--- Data excerpt Enclosed Below ---
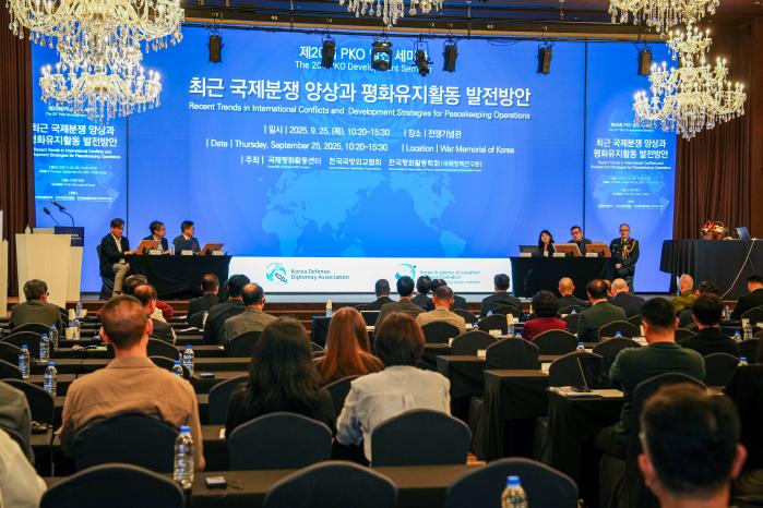국방대학교 국제평화활동센터는 지난 25일 서울 용산구 전쟁기념관에서 한국국방외교협회·한국평화활동학회와 함께 ‘제20회 PKO(평화유지활동) 발전 세미나’를 개최했다(사진). ‘최근 국제분쟁 양상과 평화유지활동 발전방안’을 주제로 열린 이번 세미나에는 군 PKO 관계자, 해외파병을 앞둔 장병, 29개국 주한 외국대사 및 국방무관, 국제 안보 전문가 등 200여 명이 참석했다.
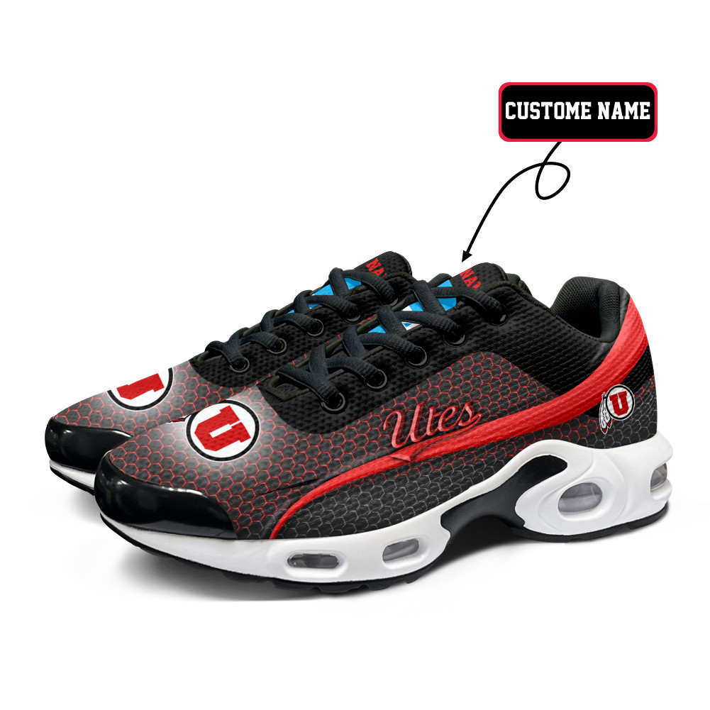 Utah Utes Personalized Name Team Colors Wave Line Beehive Pattern TN Shoes Air Cushion Sneakers
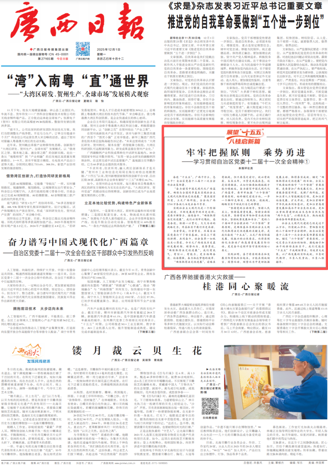 廣西日報評論員文章丨牢牢把握原則 乘勢勇進——學習貫徹自治區黨委十二屆十一次全會精神① |
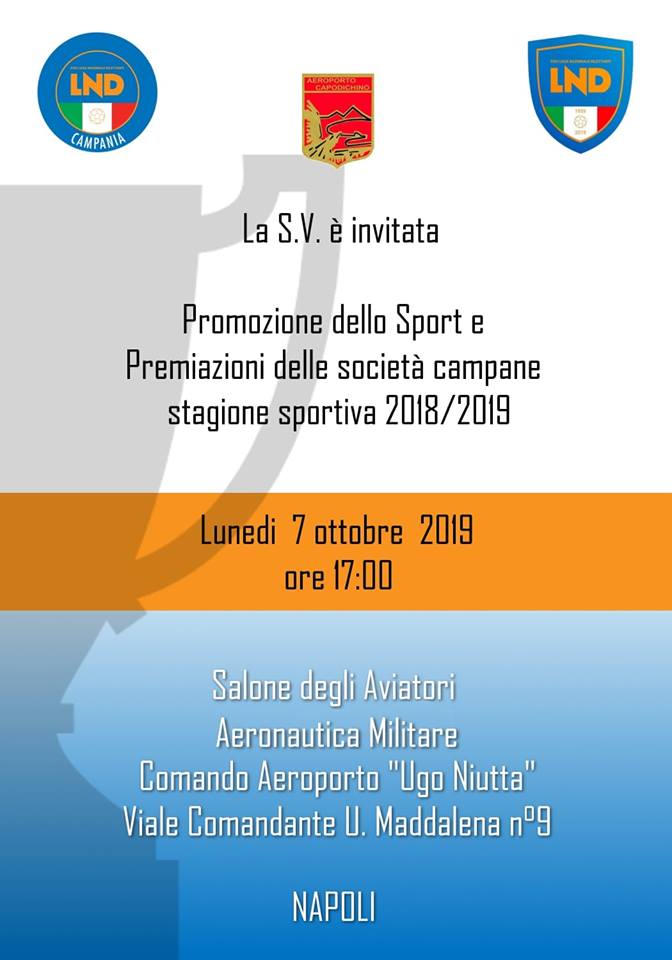 Lunedì 7 ottobre alle 17 presso il Salone degli Aviatori del Comando Aeroporto “Ugo Niutta”, in viale Comandante Umberto Maddalena 9, si terrà la promozione dello sport e la premiazione delle società campane della provincia partenopea del 2018-2019, a cura della LND Campania.
--- End of Enclosed Data excerpt ---
- Work order
Every line from the one with "廣西日報評論員文章丨牢牢把握原則 乘勢勇進——學習貫徹自治區黨委十二屆十一次全會精神① |" through the last line of the material gets printed exactly, and nothing more. Omit the pictures.

- Solution to this exercise
 廣西日報評論員文章丨牢牢把握原則 乘勢勇進——學習貫徹自治區黨委十二屆十一次全會精神① |
 Lunedì 7 ottobre alle 17 presso il Salone degli Aviatori del Comando Aeroporto “Ugo Niutta”, in viale Comandante Umberto Maddalena 9, si terrà la promozione dello sport e la premiazione delle società campane della provincia partenopea del 2018-2019, a cura della LND Campania.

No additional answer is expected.